General information
- Type: Glider
- National origin: United States
- Manufacturer: Ed Minghelle
- Designer: Irving Prue
- Status: Sole example in the National Soaring Museum
- Primary user: Ed Minghelle
- Number built: One

History
- Introduction date: 1964
- First flight: October 1964
- Developed from: Prue Two

= Prue IIA =

American glider

The Prue IIA is an American, high-wing, two-seat, T-tailed glider that was designed by Irving Prue and constructed by Ed Minghelle of Palmdale, California.

==Design and development==
Based on the Prue Two, the IIA incorporates many changes to the basic design, including a T-tail in place of a low-tail, fixed instead of retractable landing gear, a shorter two-piece wing instead of a three-piece wing and an empty weight that is 210 lb lighter.
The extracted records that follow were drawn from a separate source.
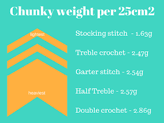 Three results were consistent throughout my study. Stocking stitch was the lightest, treble crochet was next and double crochet was always the heaviest.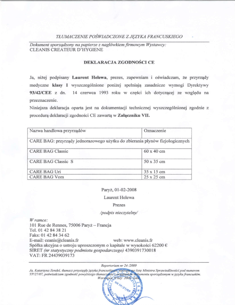 TT,UMACZENIEPOSW'IADCZONE Z JEZYKAFMNC USKIEGO Dolatmentsporzqdzonynapapierzez nagl6wkiemJirmowym Wystawcy: CLEANIS CREATEURD'HYGIENE DEKLARACJA ZGODNOSCI CE Ja nzej podpisany Laurent Helewa, prezes, zapewniam i odwiadczarfl,ze przyn4dy medyczne klasy I wyszczeg6lnioneponizej spelniaj4 zasadniczewymogi Dyrektywy 93l42lC&E z dn. 14 czenvca 1993 roku w czg6ci ich dotyczqcej ze wzglgdu na przeznaczerie. Niniejsza deklaracja opartajest na dokumentacjitechnicmej wyszczeg6lnionejzgodnie z procedur4deklaracjizgodno6ciCE zawart4w T,al4cznikuVII. Nazwahandlowapr zyz4d6w Oznaczente CARE BAG: pnynqdy jednorazowegouzytku do zbieraniaplyn6w fizjologicznych CARE BAG Classic 60x40cm CARE BAG Classic S 50x35cm CAREBAGUTi CAREBAGVoM 35x15cm 25 x25 cm PNyz,01-02-2008 LaurentHelewa Prezes /podpisnieczytelny/ Wramce: 101RuedeRennes,75006Paryz- Francja Tel.0l 42 84 38 21 Faks:0l 42 84 34 62 web: www.cleanis.fr E-mail: [email protected] Sp6lkaakcyjnao ustroju uproszczonymo kapitalew wysokoSci62200€ podmiotugospodarczego)439039173001 SIRET (nr statystyczny 8 VAT: FR 24439039173 Ja, KatarzynaZendel,ttundczpr4siegty jezyka TP/27/07,poiwiadczamzgodnoit povy2szego Repertoriurnnr 24 /2009 listg Ministr(r Sprawiedliwoicipod numerem sporzqdzokymwjgzyhr francuskim.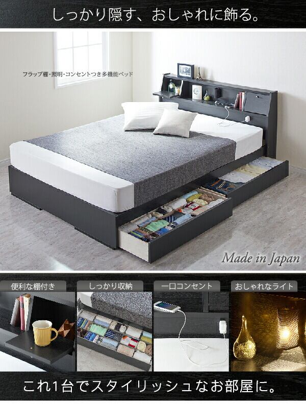 フラップ棚・照明・コンセントつき多機能ベッド 国産ポケットコイルマットレス付き シングル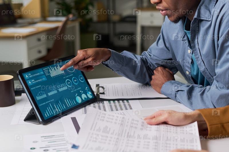 Молодой чернокожий мужчина объясняет коллеге финансовые данные на планшете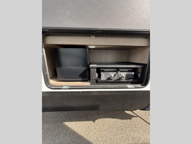Enjoy a home away from home with this travel trailer! The chef will enjoy cooking either indoors in the rear kitchen with the kitchen island, hutch, and three burner cooktop, or outdoors with the outside griddle and outside 1.6 cu. ft. refrigerator to drink a cold beverage while grilling burgers. If mother nature rains on your parade then you can head indoors and either play games at the booth dinette or relax on the theater seating across from the entertainment center with a 40" TV and fireplace. Rinse the sand out of your hair in the full bathroom with the 30" x 36" shower then head to the front private bedroom and lay down on the queen bed slide which can be replace for an optional king bed.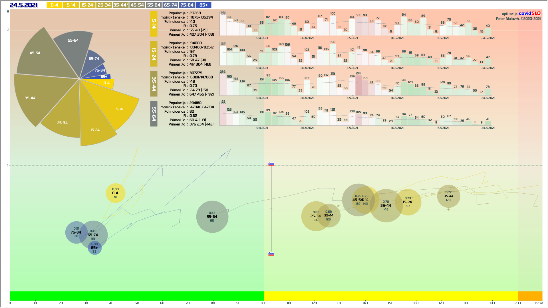 Logika mini-lockdown-a: Zelo verjetno so bile prvomajske počitnice naš naslednji mini-lockdown. Z zamikom nekaj dni imamo padanje, kot smo ga imeli po 11.4. Po analogiji bi lahko pričakovali, da se nam zdaj R prične dvigovati nazaj tam nekje na 0.95. Preko 1 ne zaradi kar visokga tempa cepljenja. V tej isti smeri delujejo tudi vsa zadnja sproščanja, ki bi to lahko še malo dvignila. V nasprotni smeri pa delujejo vremenske razmere in seveda intenzivno cepljenje (tudi 100k/teden). Se pravi, dvig R nazaj na 0.95 ne bi smel biti nobeno presenečenje. Bi pa to seveda pomenilo, da v maju še ne bomo v zeleni fazi …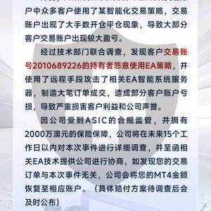 PRIMETIME GLOBAL MARKETS 回复澳大利亚该事件源于一支专门从事市场操纵的非法交易团队的蓄意和精心策划的行动。调查已经证实,这个团队(ID:64042,由张伟领导,身份证号:140105199311213310,邮箱:18834861555@163.com)以虚假借口操作多个交易账户。他们冒充机构投资者,声称要扩大市场份额,强制使用他们推荐的专门设计带有延迟订单显示功能的复制交易插件。通过复杂的黑客技术,该团队侵入了我们的EA交易服务器,非法修改交易订单,并人为生成大额交易。这些恶意活动直接导致客户账户遭受重大损失,严重损害了客户利益和公司声誉。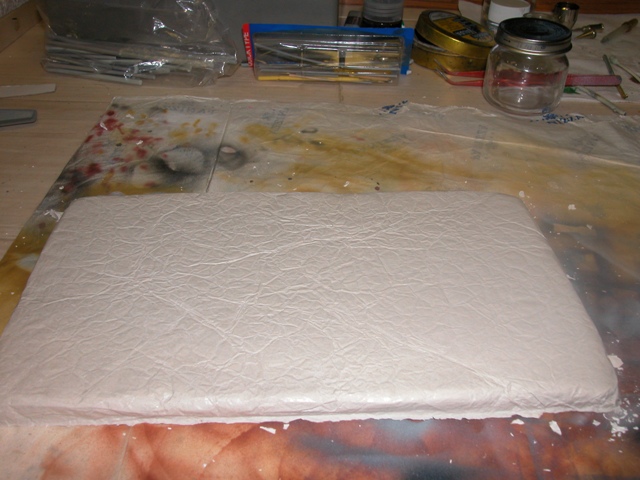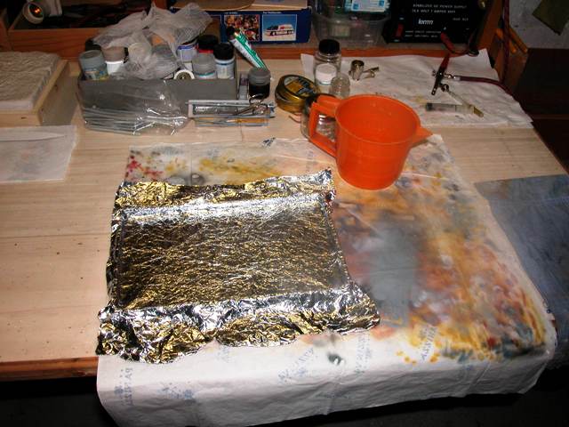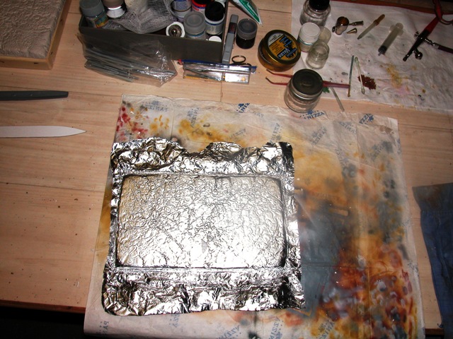 The base is a mix of two different techniques.The massive part (water) is made of plaster, poured into a mold coated by a kitchen aluminum foil, wrinkled and then stretched. This technique is described by Omami in the Tech Tips section of the IPMS Stockholm website (www.ipmsstockholm.org). When upside down, the plaster surface in contact with the aluminum foil reproduces a slightly choppy sea.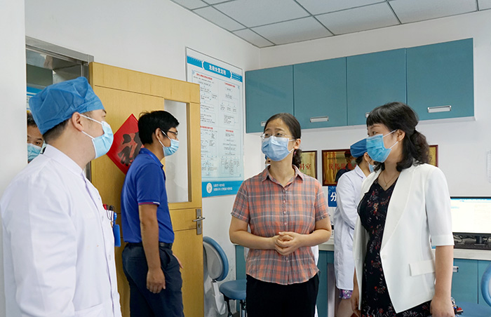黄新美先后到我院挂号收费处、口腔种植中心、口腔颌面外科病房、快递存放点等场所实地走访查看,检查门诊预检分诊、院感防控、患者就诊等一线区域的疫情防控部署与落实情况,听取相关科室负责人汇报,进一步了解了我院疫情常态化防控工作进展、疫情防控管理制度落实等情况。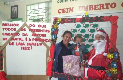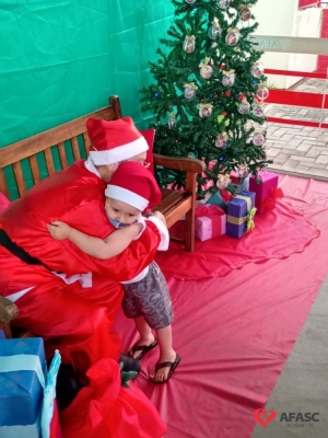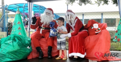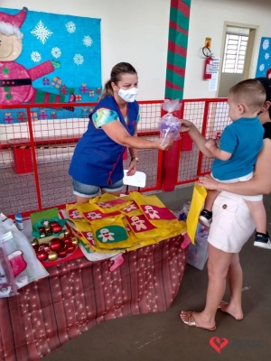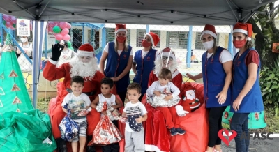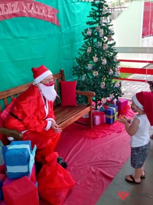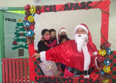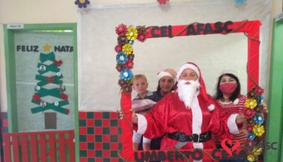 Alguns Centros de Educação Infantil contaram com a presença do Papai Noel durante a realização das entregas dos presentes doados pelos Padrinhos Solidários dos CEI.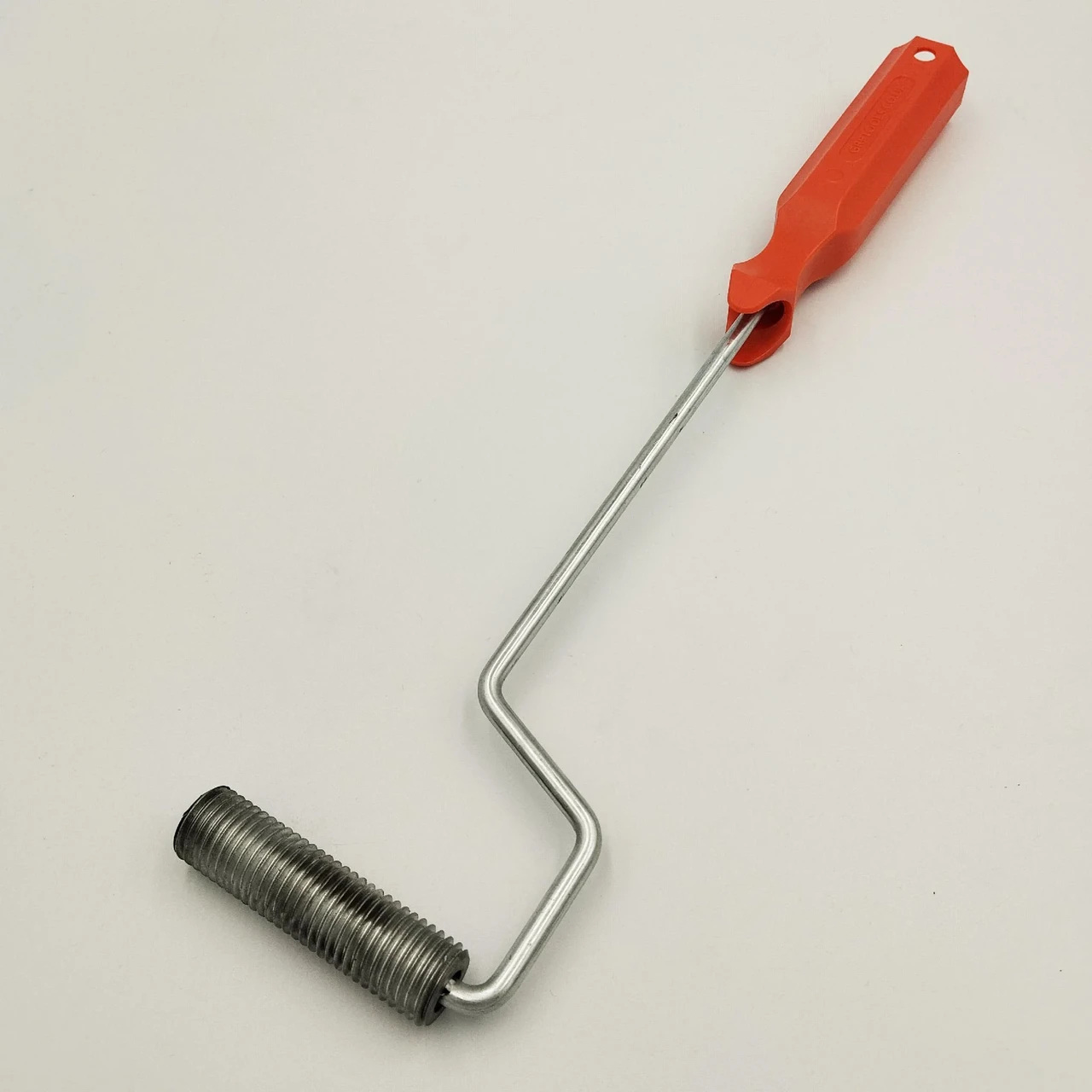 Профессиональный стальной валик, предназначенный для равномерного распределения смолы и эффективного удаления воздушных пузырьков при ламинировании стеклопластика. Благодаря прочному корпусу и вертикальным канавкам инструмент обеспечивает плотное уплотнение волокон и стабильный результат при длительном использовании.

The Prue IIA was built by Minghelle between 1961 and 1964, culminating in a first flight in October 1964.

The Prue IIA has a 60 ft wing that employs a NACA 63-618 airfoil. The aircraft is of all-metal construction and seats two in tandem under a long single-piece canopy.

Only one Prue IIA was ever built.

==Operational history==
The Prue IIA was used to set several multi-place glider records. It held the world out-and-return record of 366.88 mi for a period of six months in 1967. A second world out-and-return record was set in 1972, flying 425.3 mi from Pearblossom, California. In 1967 it was also flown to a world multi-place declared goal record of 322.35 mi.

The IIA was removed from the Federal Aviation Administration aircraft registry on 16 March 1989 and now belongs to the National Soaring Museum.

==Aircraft on display==
- National Soaring Museum - sole example, listed as "in storage".